> _What you will do_
Your copy of the entries below should hold exactly the lines from the one containing "El subjefe de" to the one containing "решить уравнение a)x^2-4^0,25=0", inclusive, and no pictures.

> _Given records_
········

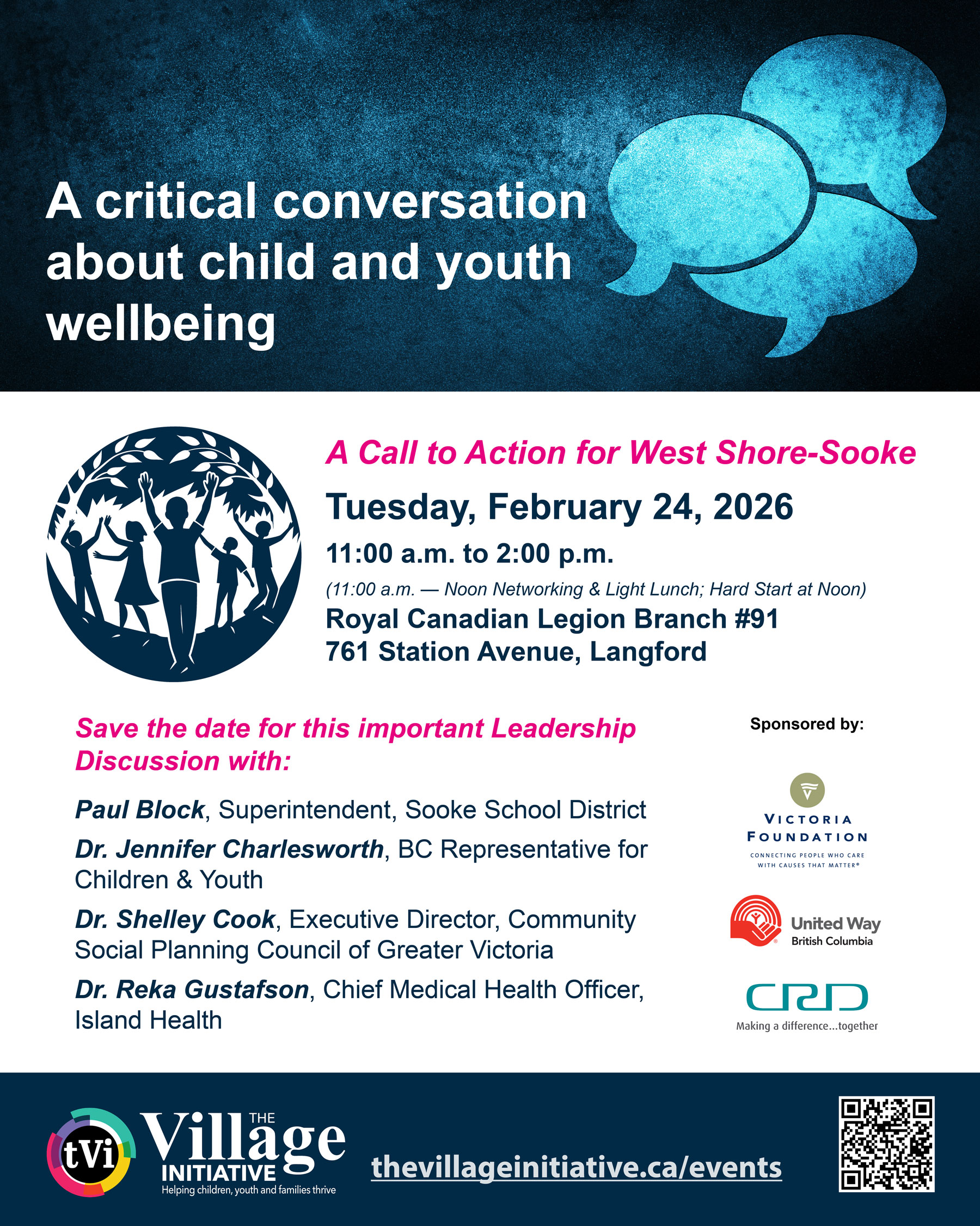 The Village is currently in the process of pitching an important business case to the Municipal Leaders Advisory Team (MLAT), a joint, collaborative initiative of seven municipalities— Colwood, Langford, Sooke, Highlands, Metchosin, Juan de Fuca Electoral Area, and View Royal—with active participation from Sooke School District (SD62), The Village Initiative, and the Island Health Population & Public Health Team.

········

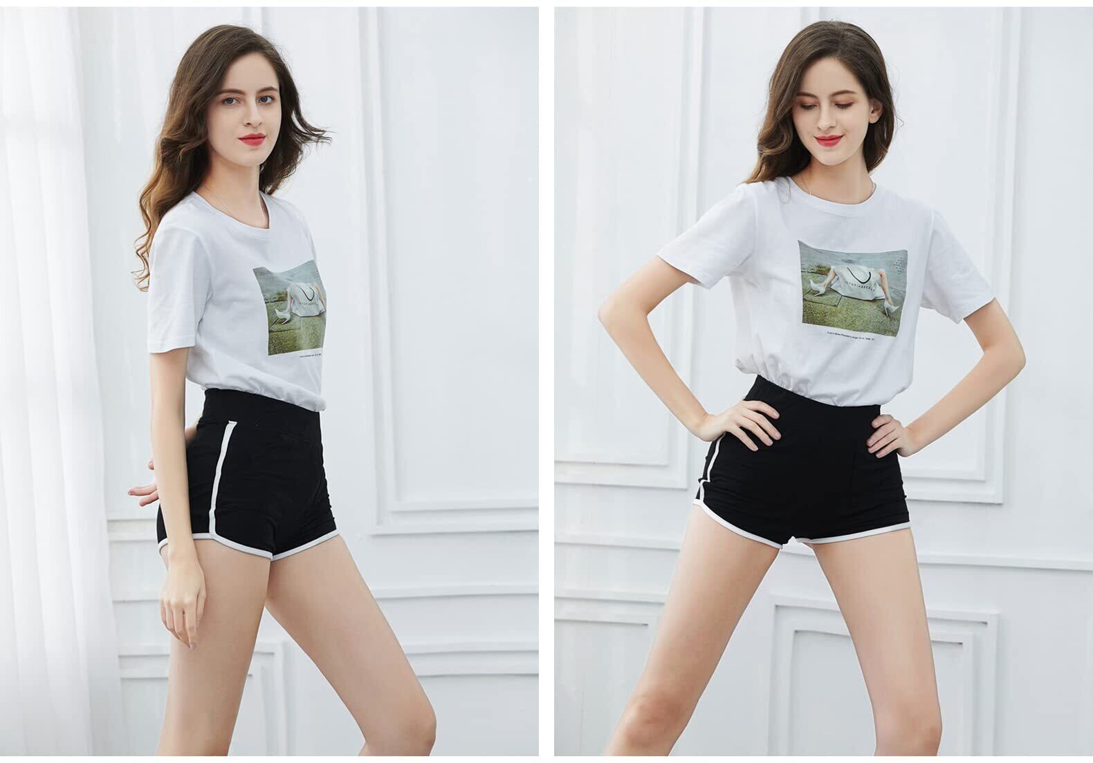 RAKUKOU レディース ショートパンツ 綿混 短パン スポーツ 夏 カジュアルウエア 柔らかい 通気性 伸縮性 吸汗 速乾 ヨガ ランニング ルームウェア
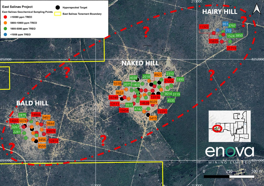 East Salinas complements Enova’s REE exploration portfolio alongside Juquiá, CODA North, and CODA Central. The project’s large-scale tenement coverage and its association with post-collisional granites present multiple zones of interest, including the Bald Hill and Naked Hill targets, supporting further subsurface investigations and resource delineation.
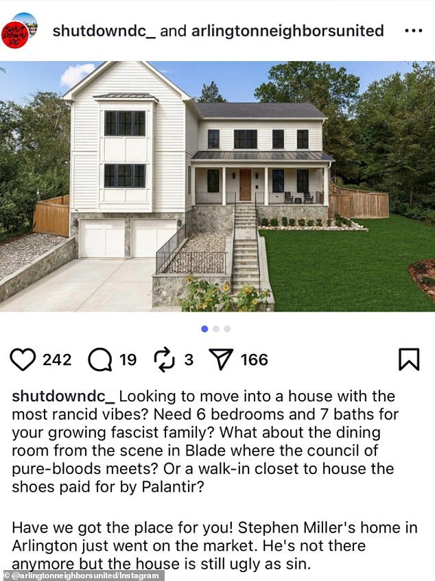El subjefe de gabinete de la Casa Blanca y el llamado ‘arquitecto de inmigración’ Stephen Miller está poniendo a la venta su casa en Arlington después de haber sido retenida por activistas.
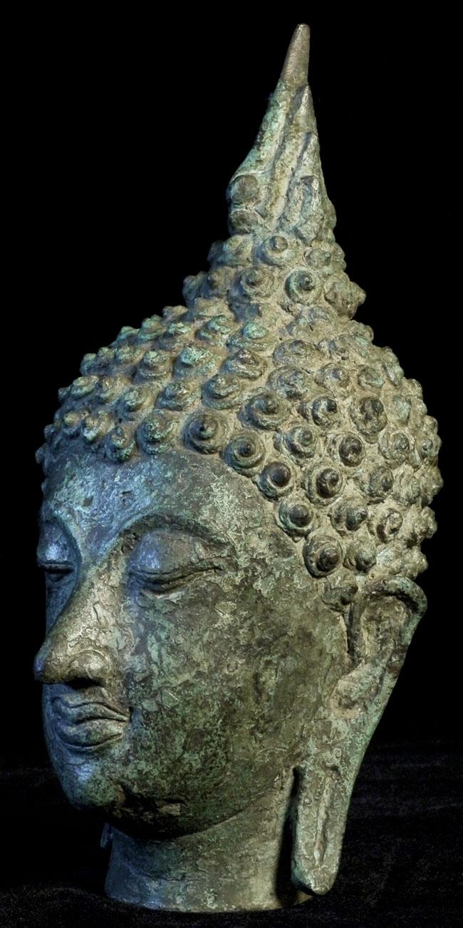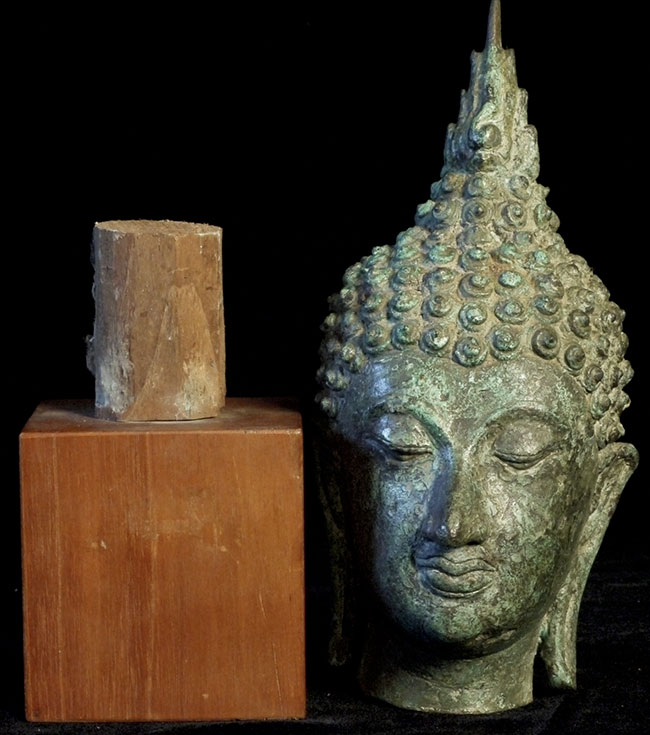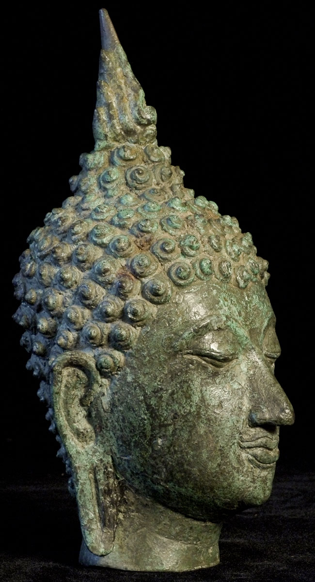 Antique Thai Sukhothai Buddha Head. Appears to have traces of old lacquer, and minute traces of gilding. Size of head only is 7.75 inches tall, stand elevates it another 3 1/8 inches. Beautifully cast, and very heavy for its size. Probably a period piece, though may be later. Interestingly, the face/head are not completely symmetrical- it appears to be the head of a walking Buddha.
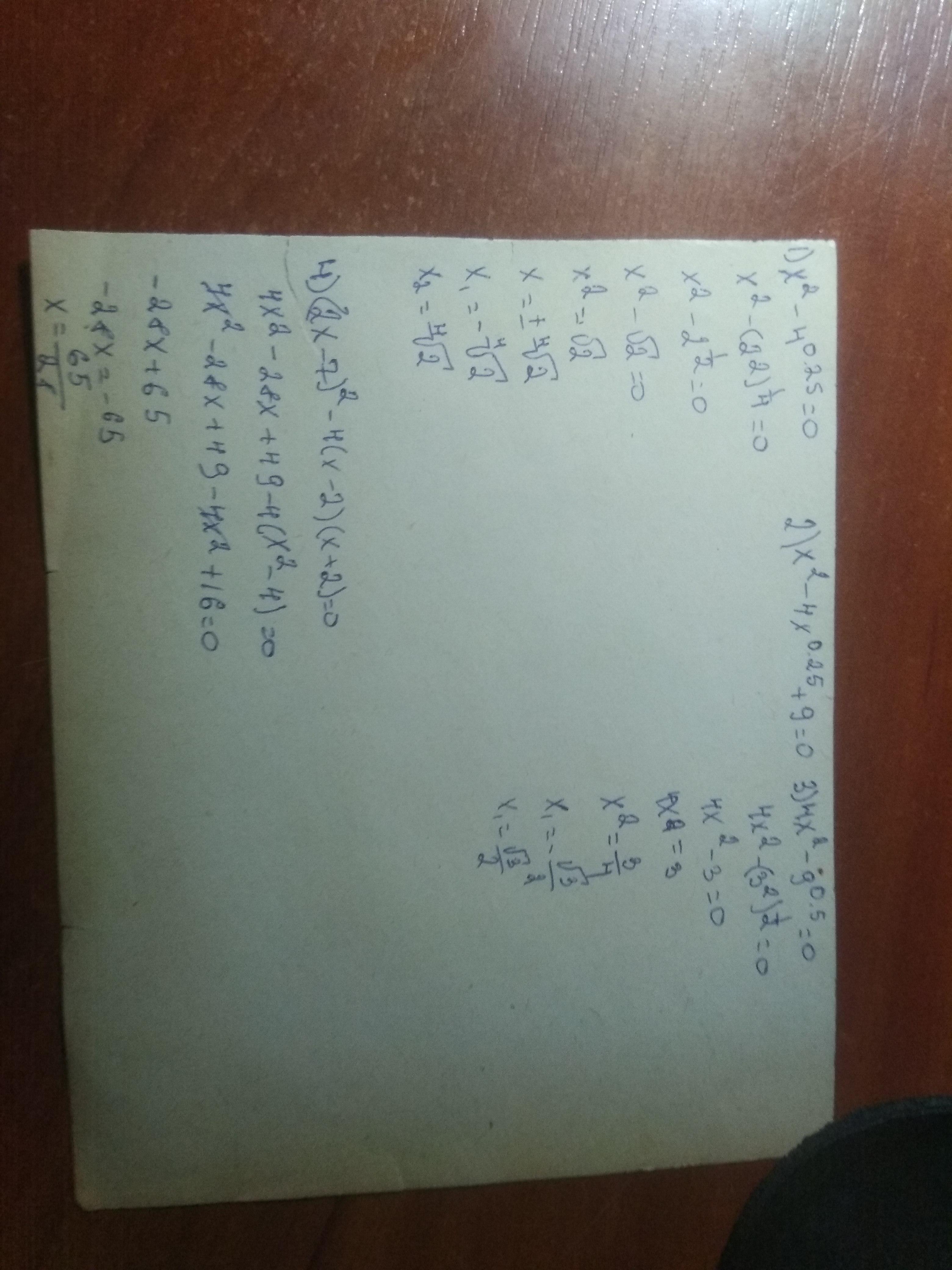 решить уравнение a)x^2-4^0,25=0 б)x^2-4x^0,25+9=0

········

> _Result for this exercise_
El subjefe de gabinete de la Casa Blanca y el llamado ‘arquitecto de inmigración’ Stephen Miller está poniendo a la venta su casa en Arlington después de haber sido retenida por activistas.
 Antique Thai Sukhothai Buddha Head. Appears to have traces of old lacquer, and minute traces of gilding. Size of head only is 7.75 inches tall, stand elevates it another 3 1/8 inches. Beautifully cast, and very heavy for its size. Probably a period piece, though may be later. Interestingly, the face/head are not completely symmetrical- it appears to be the head of a walking Buddha.
 решить уравнение a)x^2-4^0,25=0 б)x^2-4x^0,25+9=0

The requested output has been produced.